Lizard, s. An animal resembling a serpent, with legs added to it.

Loach, s. A little fish.

This little fish is found in small brooks among the gravel, or where there is a soil of mud and gravel together, with weeds, and in several of our rivers by the sides of sharp streams; it seldom rises to the top of the water, keeping at the bottom on the gravel, upon which it feeds, and is, on that account, in some places, called the groundling; it is frequent in the stream near Amesbury, in Wiltshire, where, out of frolic, the sportsmen swallow it down alive, in a glass of white wine.

It is a slimy fish without scales, and of rather a long make; the mouth is small, placed beneath, and has no teeth; it is bearded like the gudgeon and the barbel, having on the upper mandible six small beards, one at each corner of the mouth, and four at the end of the nose; the body is smooth and slippery, and almost of the same thickness; the colour of the head, back, and sides, is in some white, in others of a dirty yellow, very elegantly marked with large spots, consisting of numberless minute black specks; the pectoral, dorsal, and caudal fins are also spotted; the belly and ventral fins of a pure white; the tail broad, and rather rounded. One of the largest ever heard of by Mr. Pennant, was four inches and three quarters in length, but they seldom exceed three inches. The flesh of the loach is singularly nutritious, and from that circumstance, and its being equally grateful to the palate, it is recommended to the sick. The females, during summer, are generally full of spawn; these fish are to be taken with a very small red worm, the bait touching the ground. The loach is used as a bait for other fish, and for eels perhaps it is the best.

Load, v. To burden, to freight; to encumber; to charge a gun; to make heavy.

Load, s. The leading vein in a mine; the charge of a gun.

Loading.—Much as may be said on this important head, I shall attempt to explain it by one simple example: for instance, to load a single gun of six, or double gun of seven, eight, or nine pounds’ weight, take a steel charger, which holds precisely an ounce and a half of shot; fill it brimful of powder, from which first prime, and then put the remainder into the barrel; to this add the same measure bumperful of shot, and then regulate the tops of your flasks and belts accordingly.

Some little difference of charge will, of course, be required between a twenty-two and a fourteen gauge; and, in this, we may be guided by the shoulder, observing, at the same time, the proportion of each here recommended: but, unless the gun is very heavy, a gauge of fourteen will recoil more than one of twenty-two; so that, after all, the above charge might do equally well for both.
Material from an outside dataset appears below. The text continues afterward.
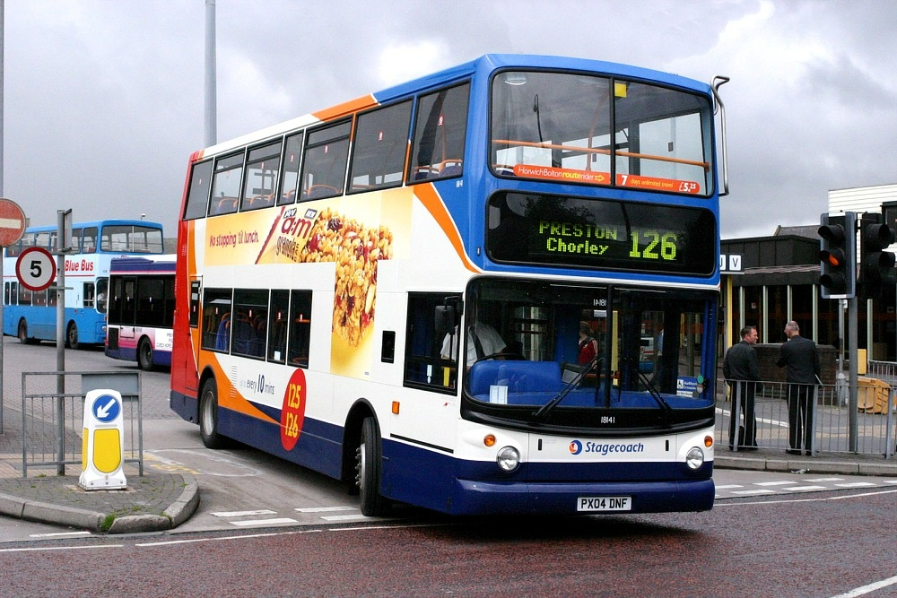 A Stagecoach in Lancashire Dennis Trident 2 bus departing from Bolton bus station.

For those who have scales at hand, another way will be to ascertain this by weight; for instance, to the guns above mentioned, put one drachm and a half of powder, exclusive of priming, to an ounce and a half of shot. The proportion for a twelve pounds’ gun to be doubled; eighteen pounds’ trebled; twenty-four pounds’ quadrupled, &c. with one trifling deviation; viz.—the larger the gun the less should be the proportion of shot, as the larger and longer the calibre the more powder may be damaged in going down it.—Hawker.